Question

suppose you could make a single \lump sum\ deposit of $3976, in an investment that provides an annual percentage rate(apr) of 2% compounded quarterly. determine the future value(fv) of the investment after 34 years.

Explanation:

Step1: Recall compound interest formula

The formula for compound interest when compounded $n$ times a year is $FV = P(1 + \frac{r}{n})^{nt}$, where $P$ is the principal amount, $r$ is the annual interest rate (in decimal), $n$ is the number of times compounded per year, and $t$ is the number of years.
Here, $P = 3976$, $r = 0.02$ (since 2% = 0.02), $n = 4$ (compounded quarterly), and $t = 34$.

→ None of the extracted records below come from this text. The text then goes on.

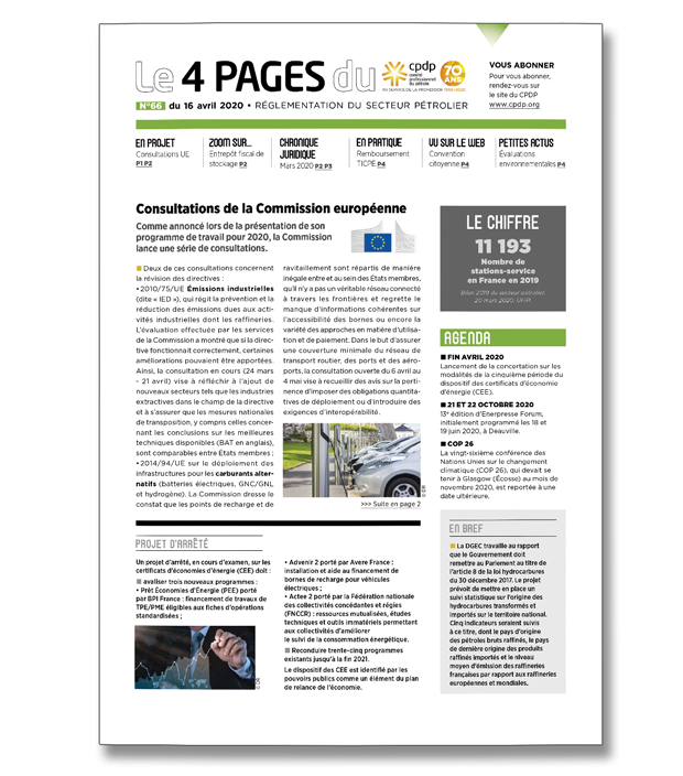 21 avril 2020Le 4 pagesLettre d’information dédiée à la réglementation du secteur pétrolier en vigueur et en cours de rédaction. -
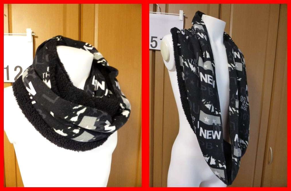 - 送料無料★メンズ用スヌード ブラック ストリート系のカッコいいプリント ボリューム感あるネックウォーマー マフラー
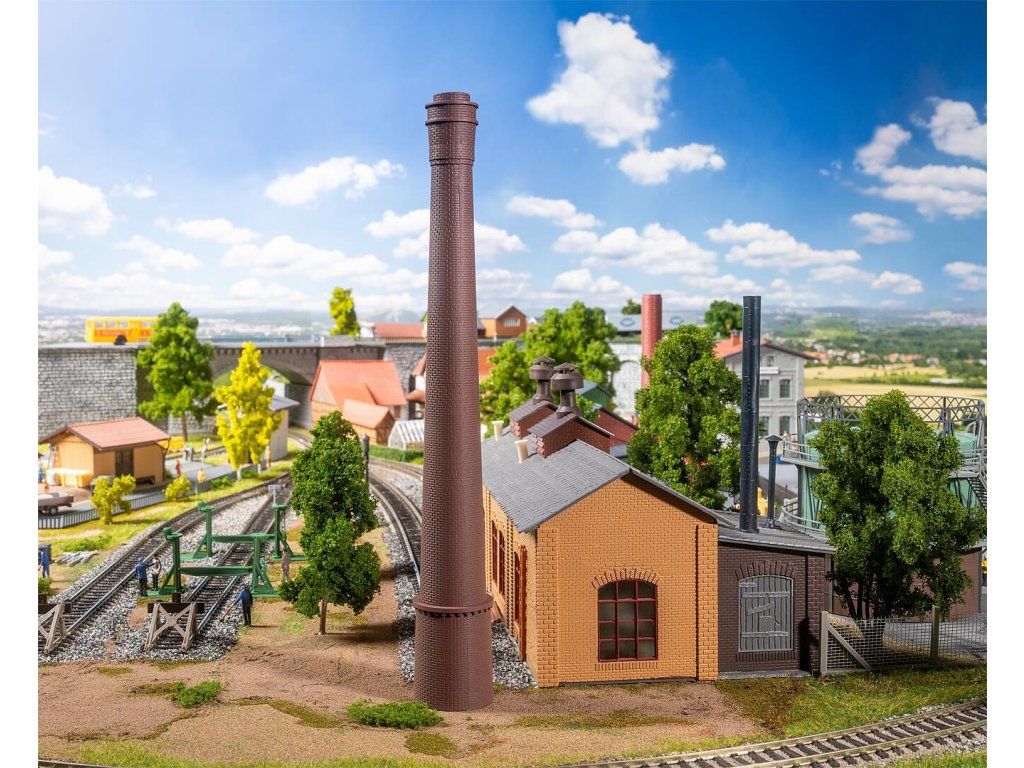 Stavebnice plastikového modelu průmyslového komína určeného do modelové železnice nebo diorámy.
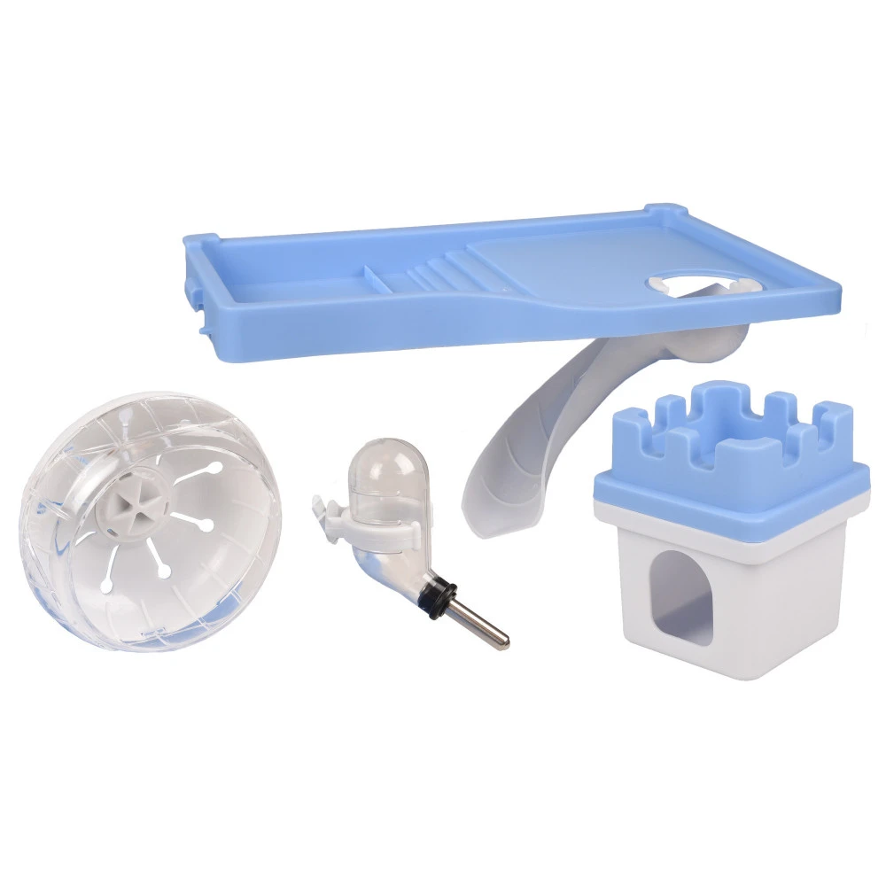 accessoires inclus. 1 plate-forme. 1 petite maison pour dormir. 1 mangeoire. 1 biberon. 1 roue d’exercice . 1 toboggan .
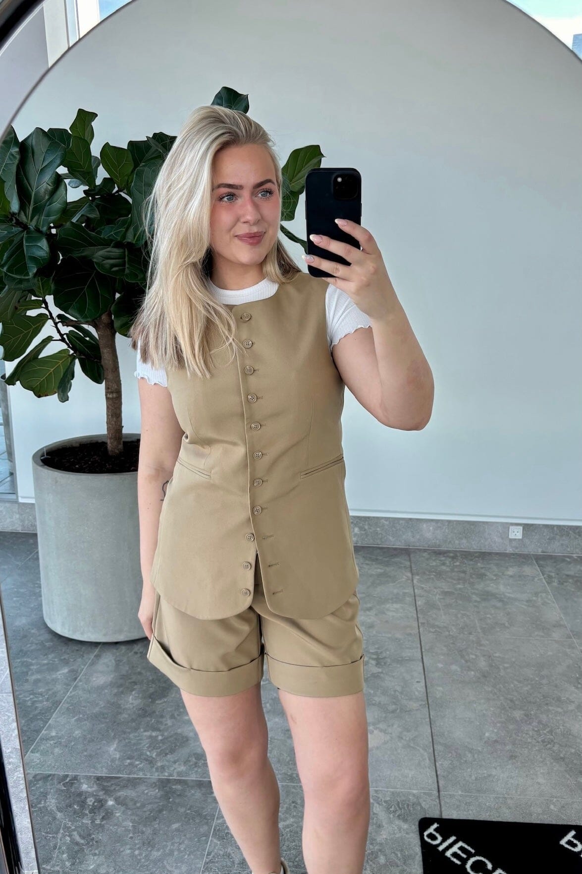 Een lange vest van Pieces in een lichte beige tint. De vest heeft een getailleerde snit met knoopsluiting aan de voorkant en praktische voorzakken. Het kan worden gestyled voor zowel dagelijks gebruik als op kantoor.

Step2: Calculate the exponent $nt$

$nt = 4\times34 = 136$

Step3: Calculate the rate per period $\frac{r}{n}$

$\frac{r}{n}=\frac{0.02}{4}=0.005$

Step4: Calculate $(1 + \frac{r}{n})^{nt}$

$(1 + 0.005)^{136}\approx(1.005)^{136}$. Using a calculator, $(1.005)^{136}\approx1.9674$ (you can calculate this using the formula for compound interest or a calculator function for exponents).

Step5: Calculate the Future Value $FV$

$FV = 3976\times1.9674\approx3976\times1.9674\approx7822.38$ (more accurately, using a calculator for the exponent: $(1.005)^{136}=e^{136\ln(1.005)}\approx e^{136\times0.0049875}\approx e^{0.6783}\approx1.9674$. Then $3976\times1.9674 = 3976\times(2 - 0.0326)=7952 - 3976\times0.0326 = 7952 - 129.62 = 7822.38$)

Answer:

The Future Value of the investment after 34 years is approximately $\$7822.38$ (more precise calculation: using a calculator for $(1.005)^{136}$:

First, calculate $\ln(1.005)\approx0.00498752$

Then $136\times0.00498752 = 0.678302$

Then $e^{0.678302}\approx1.96743$

Then $3976\times1.96743 = 3976\times1.96743$. Let's calculate $4000\times1.96743 = 7869.72$, subtract $24\times1.96743 = 47.21832$, so $7869.72 - 47.21832 = 7822.50168\approx\$7822.50$)

So the more accurate answer is approximately $\$7822.50$ (depending on the calculator's precision, it can vary slightly, but around $\$7822$ to $\$7823$).